The man with the flashlight did as Crow thought he would. He grabbed out for Heddy’s bag before she could get her hand into it. While preoccupied this way, Crow carefully reached out in the darkness beside him and felt around in his own bag for the gun. He felt one, knew it was Jay’s service revolver, pulled it free as quietly as possible.
Then he fell onto his back suddenly, lifted the gun, not knowing how true his aim, and he was pulling the trigger. Fire bloomed, lighting the room, once, twice, and the sound echoed off the walls like Fourth of July cherry bombs.
The man holding Heddy’s purse dropped where he was standing. Heddy’s bag fell with the man. The flashlight banged onto the floor, rolling wildly as the light from it skittered across the room. Crow couldn’t see the man who had been behind the first he shot.
Heddy was up and moving. The whole room came alive with motion. Crow couldn’t see a thing as he slid around the floor on his back, pointing the gun, afraid to shoot, afraid he’d hit Heddy or one of the Andersons. He couldn’t make out who was who, didn’t know where he should aim. He was breathing fast and hard; his stomach seemed so tight it would fold in on itself.
A bright burst of light blossomed from ten feet away and Crow felt something rip into his thigh. He screamed, dropping his gun. He’d been hit, goddamnit!
Someone had hands on him and he tried to lash out, but stopped in time to keep from knocking Heddy away. She felt along his body and then the floor until she found the gun.
The whole room lit up with sound and smoke. Heddy and the man with the gun spattered the darkness with rapid-fire blinks of harsh white blasts.
Crow ducked, covering his head with his arms, squirming and moaning from the scalding hot pain shooting up from his thigh. He expected to be hit again, to die here on the floor of a filthy house on the night before the door opened to real freedom. He was yelling without knowing it, “Nononononono...!” He was panicked to the point of insanity.
The firing ceased and the clicking of a hammer on an empty cylinder was all that remained. Crow threw off his arms from around his head and tried to see something, anything. Heddy kneeled over him, her legs against his back, and it was she who was holding out the revolver before her, clicking and clicking on dead air. She finally slumped back on her heels.
“Is he...?”
Heddy said nothing. She lowered the gun and finally dropped it to the floor. Crow could now hear the little girl crying from somewhere across the room. He saw shadows entering a doorway from the back of the house. Jay said, “Is it over? Heddy? Heddy, are you all right?”
#
DADDY was the one who got the flashlight and found the dead man. The oth
er man was hurt, but not dead. He was shot twice, once in the stomach and once in his arm. Daddy moved the flashlight beam over his body, the blood showing up like black spots against the man’s clothes. He was sprawled on the floor like a baby, holding both hands over his stomach and crying now. He’d been shot in the same place as the boy at the motel days before. In his stomach.
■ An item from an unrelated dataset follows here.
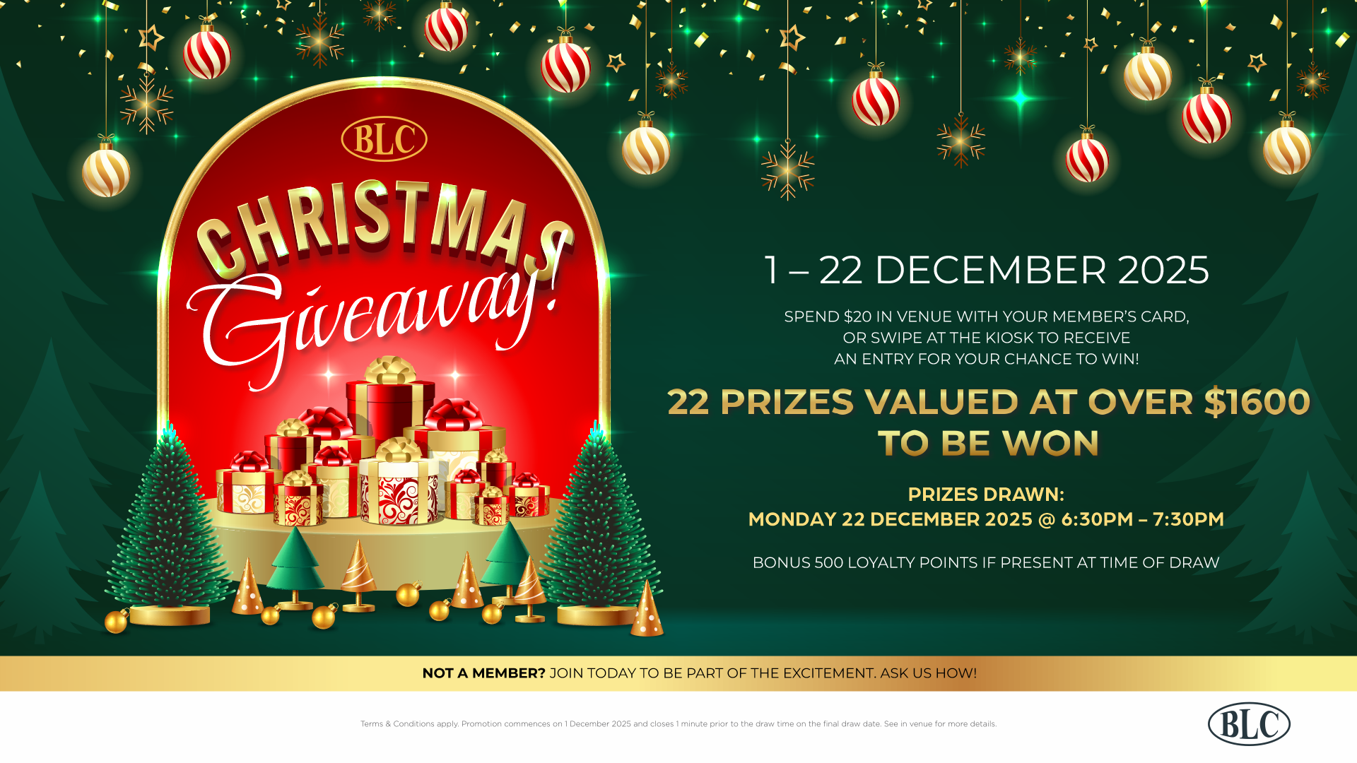 Christmas Giveaway!! Members, simply swipe your card at the kiosk to receive an entry! Earn bonus entries by spending $20 on food &/or drinks. More visits = more entries! Entries can be collected starting Monday December 1st. 22 winners will be drawn Monday December 22nd. All winners in the venue at the time of the draws will receive 500 bonus loyalty points. Not a Member? Ask our staff how to sign up for FREE!

“Help me, I’m dying,” he said to Daddy.
Swinging the light away from him, Daddy rested it on Crow. Heddy was helping him to sit up. There was blood coming from his leg, staining the floor black. “You’re shot,” Daddy said.
“Yeah, he was hit in the leg,” Heddy said. She pulled her bag over to her and drew out a tee shirt. She took it by the neck and ripped it down the center, jerking at the material and cursing when it failed to give the first couple of tries.
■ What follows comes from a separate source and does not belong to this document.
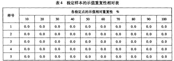 若設(shè)定同一檢定點重復(fù)校準(zhǔn)讀數(shù)的最大值為 內(nèi)由式2得到的各檢定點的示值重復(fù)性相對誤差如 ,最小值為,示值重復(fù)性相對誤差為u2,則有: 表4所示。 u2 =(( P^x—P-iJ /p。)xlOO (式2)
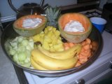 Fruit face for the party, meeting Grandpa Terry, Laura and Roger, kisses from cousins Hannah and Alex

“I’m dying!” The man said again.
Daddy kept the light on Crow’s upper leg while Heddy wrapped the shirt around it twice and tied it in a knot.
“How are you going to cross the border like that?” Daddy asked.
“Are you always so goddamn practical?” Heddy yelled.
“I’m a cop.” He shrugged as if to say it was expected of cops to make practical remarks and to think ahead.
“If you’re a cop, man, do something for me,” the dying man said. “I’m losing too much blood.”
Daddy turned back to him and stooped nearby, playing the light over his midsection. I could see how the blood had coated his hands, the slimy blood dripping off his knuckles to the floor. I cringed and turned away my face. I couldn’t watch it anymore.